Escondida Norte Deposit
Alteration and Hypogene Mineralisation
Potassic alteration is present at depth throughout the deposit, with biotite-feldspar-K association in the felsic rocks and biotite and minor magnetite predominate in the andesitic volcanic rocks and diorites. The potassic alteration have biotite and magnetite veinlets and abundant feld-K and quartz-feldspar-K veinlets,the latter of A-type. Grey sericite veinlets overlie the potassic zone.

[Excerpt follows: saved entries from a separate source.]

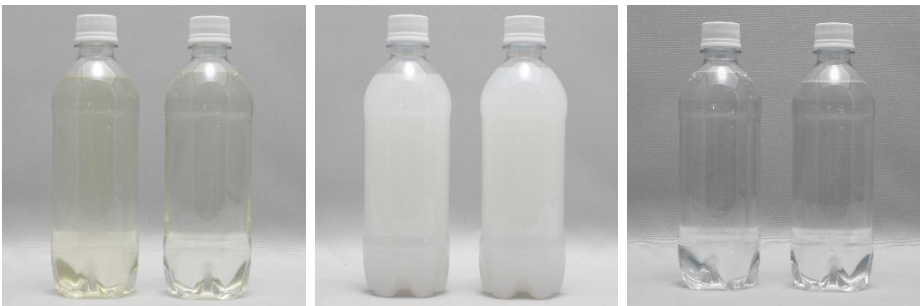
清涼飲料水 洗濯用合成洗剤 清涼飲料水 洗濯用合成洗剤 清涼飲料水 消毒液
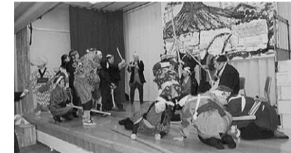
札幌拠点の文化祭
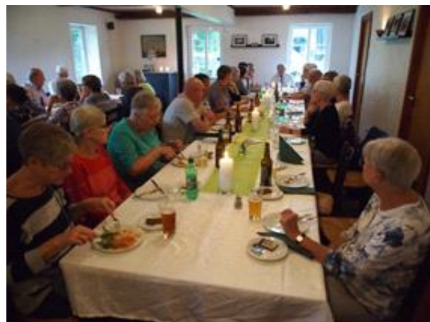
Frokost på Aarøgaard 2018
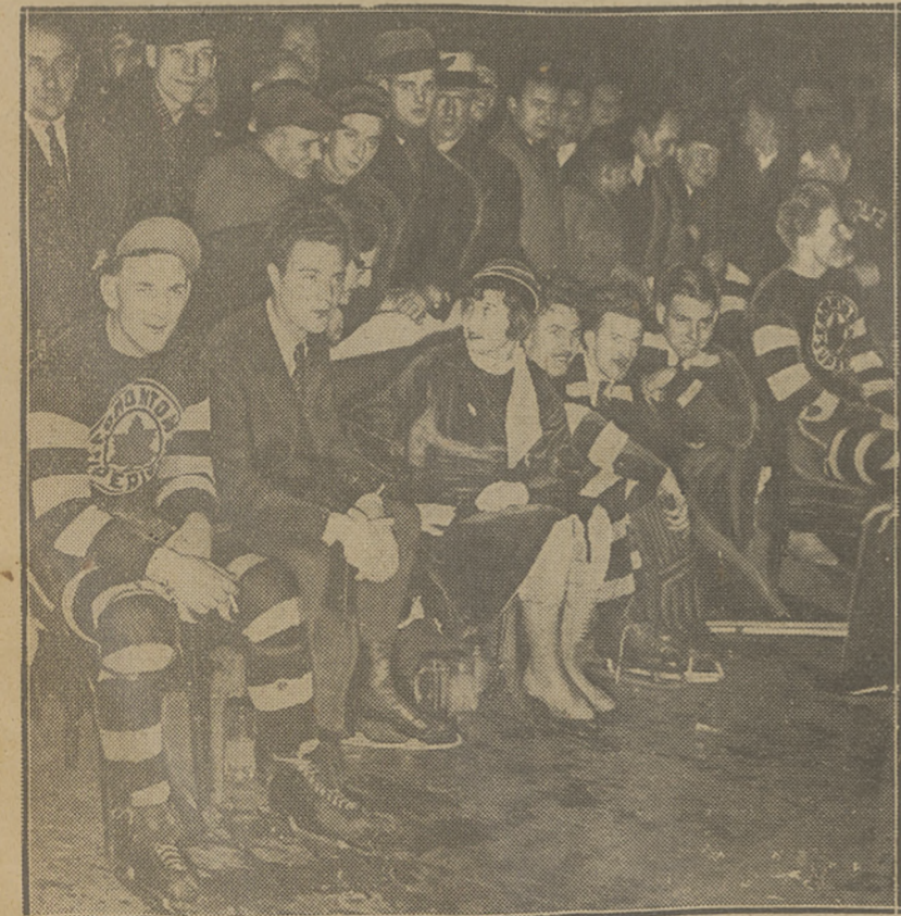
KANADYJCZYCY W BERLINIE
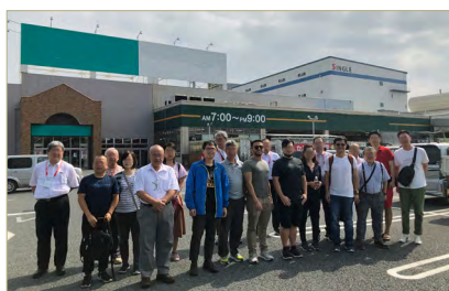
参观家居中心等巴士参观团

参观家居中心等巴士参观团 ，计划在举办结束的第二天即星期天，参观幕张会场附近有名气的店。参观前，以屈指可数的家居中心的顶级经验者为讲师，召开以日本家居中心市场为中心的研讨会。参观后共进午餐，同时参加者之间进行沟通和信息交流。参加需要费用。
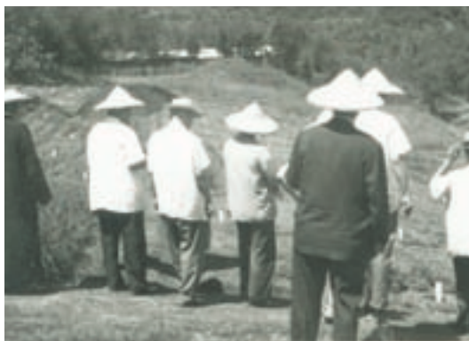
民國51年立法委員參訪參觀中藥試驗區之情形
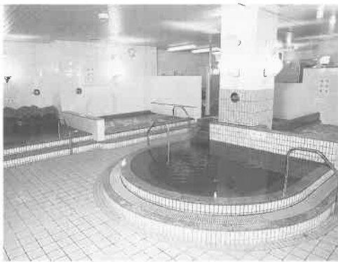
左から水風呂、超音波、白湯が並ぶ

考えています。多少の泥臭い面も必要ではないでしょうか。地下には一五〇名収容の宴会場、また三室あるカラオケルームでは、三〇名くらいの宴会、パーティースペースとして大変
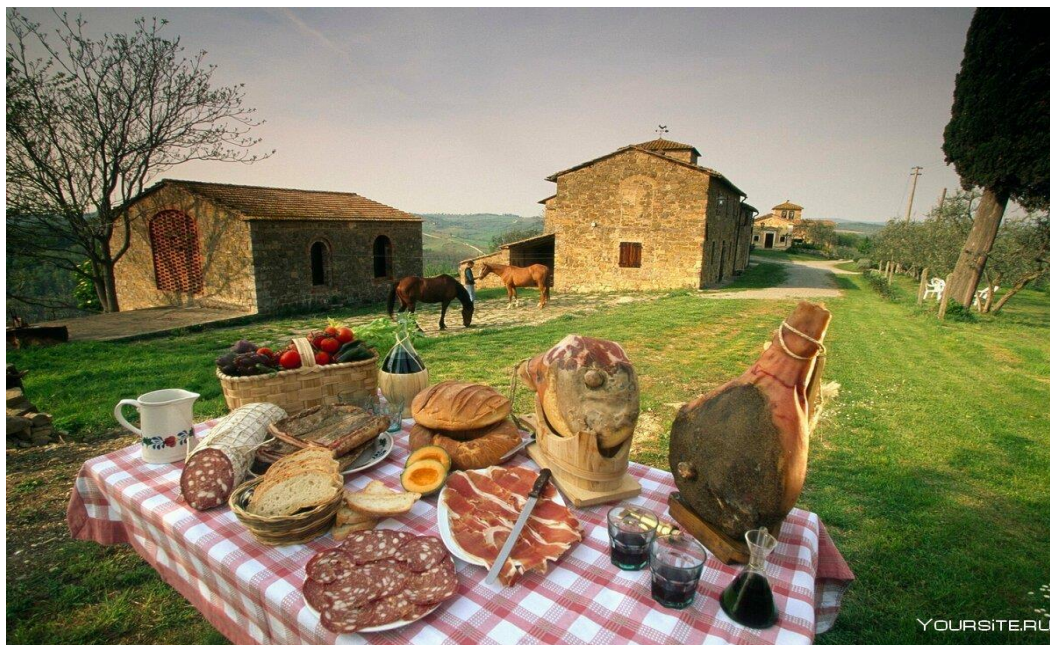
Рис.3.Экотуризм в Италии

Итальянская модель делится на три основных направления по специфике предоставления услуг. Это совмещения типичного отдыха в сельской местности с восстановлением здоровья (экотуризм), изучением гастрономии и продуктов местного производства, которые отличаются ввиду их территориальной расположенности, а также занятия спортом. Размещение туристов происходит в апартаментах и комнатах. Иногда встречаются палаточные городки. (Рис.3.Экотуризм в Италии)

At shallower levels, the generalised alteration is chlorite-sericite, which is characterised by the occurrence of chlorite-sulphide veinlets overlaying and destroying the potassic association. This is covered by a sericitic zone, which is locally overlain by quartz-pyrophyllite ± alunite alteration, closely associated with the NW-directed high sulphidation vein zones. Most of the hypogene sulphide mineralisation at Escondida Norte consists of chalcopyrite and pyrite with the development of only localised centres of chalcopyrite - bornite ± chalcocite mineralisation in the potassic zone.
Supergene Mineralisation
A well-developed supergene profile is present at Escondida Norte, which include a leached hematitic surface, averaging 100 to 200 m (up to 350 m) thick, and a 20 to 250 m thick enrichment zone. The enrichment zone has a surface of 2 × 1.5 km, trending NE; it is divided into a high-grade, chalcocite-dominated upper zone (High Enriched), and a lower-grade basal part with covellite and lower chalcocite (Low Enriched). Supergene kaolinite is present throughout the zone and supergene alunite is dated to be ~ 17 to 14 Ma (Morales, 2009).
Copper oxide mineralisation is irregularly developed above the enrichment zone, mainly with antlerite and brochantite in the higher-grade central parts (Maturana and Saric, 1991; Monroy, 2000; Williams, 2003), and chrysocolla and atacamite peripherally.